====== Data supplied ======

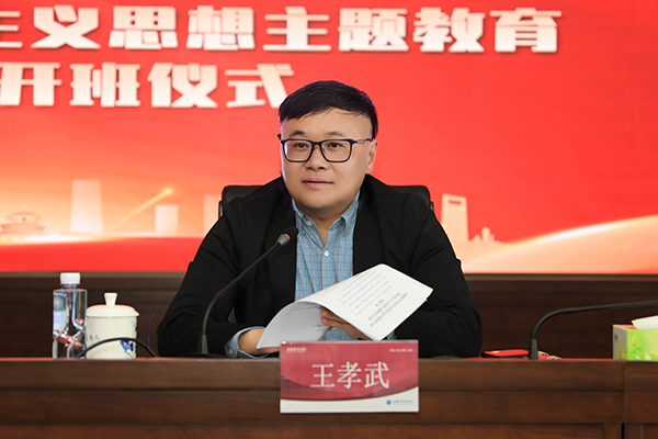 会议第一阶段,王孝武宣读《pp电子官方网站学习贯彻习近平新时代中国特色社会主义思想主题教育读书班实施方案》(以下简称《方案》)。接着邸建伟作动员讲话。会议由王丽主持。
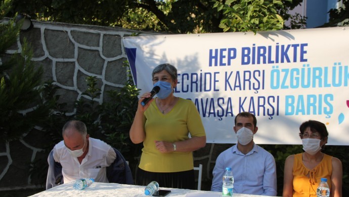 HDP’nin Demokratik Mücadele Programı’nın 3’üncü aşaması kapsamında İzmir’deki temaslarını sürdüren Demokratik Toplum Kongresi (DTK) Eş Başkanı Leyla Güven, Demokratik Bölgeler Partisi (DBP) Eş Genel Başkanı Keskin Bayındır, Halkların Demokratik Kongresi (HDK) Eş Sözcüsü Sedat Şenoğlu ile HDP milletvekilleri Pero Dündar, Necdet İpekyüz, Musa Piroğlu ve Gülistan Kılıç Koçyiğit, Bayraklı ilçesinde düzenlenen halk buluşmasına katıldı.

======
====== Data supplied ======

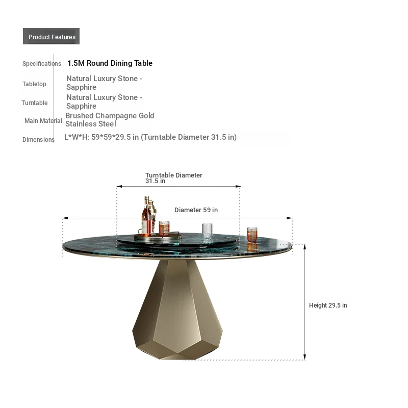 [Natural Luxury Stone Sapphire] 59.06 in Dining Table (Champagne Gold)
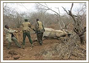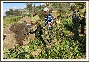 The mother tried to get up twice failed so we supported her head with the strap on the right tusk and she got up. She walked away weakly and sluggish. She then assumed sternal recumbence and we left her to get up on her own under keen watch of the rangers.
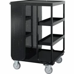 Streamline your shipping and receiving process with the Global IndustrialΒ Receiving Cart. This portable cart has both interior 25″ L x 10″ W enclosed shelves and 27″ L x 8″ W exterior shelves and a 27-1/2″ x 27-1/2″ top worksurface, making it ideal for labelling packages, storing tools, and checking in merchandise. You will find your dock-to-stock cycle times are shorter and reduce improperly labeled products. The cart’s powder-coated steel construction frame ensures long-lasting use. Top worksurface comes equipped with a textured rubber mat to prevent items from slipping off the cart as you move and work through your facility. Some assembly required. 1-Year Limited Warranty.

======

What you will do: Reproduce exactly the lines above that run from the one with "会议第一阶段,王孝武宣读《p" to the one with "HDP’nin Demokratik Mücadele", both included, leaving pictures out.

Response for this exercise:
 会议第一阶段,王孝武宣读《pp电子官方网站学习贯彻习近平新时代中国特色社会主义思想主题教育读书班实施方案》(以下简称《方案》)。接着邸建伟作动员讲话。会议由王丽主持。
 HDP’nin Demokratik Mücadele Programı’nın 3’üncü aşaması kapsamında İzmir’deki temaslarını sürdüren Demokratik Toplum Kongresi (DTK) Eş Başkanı Leyla Güven, Demokratik Bölgeler Partisi (DBP) Eş Genel Başkanı Keskin Bayındır, Halkların Demokratik Kongresi (HDK) Eş Sözcüsü Sedat Şenoğlu ile HDP milletvekilleri Pero Dündar, Necdet İpekyüz, Musa Piroğlu ve Gülistan Kılıç Koçyiğit, Bayraklı ilçesinde düzenlenen halk buluşmasına katıldı.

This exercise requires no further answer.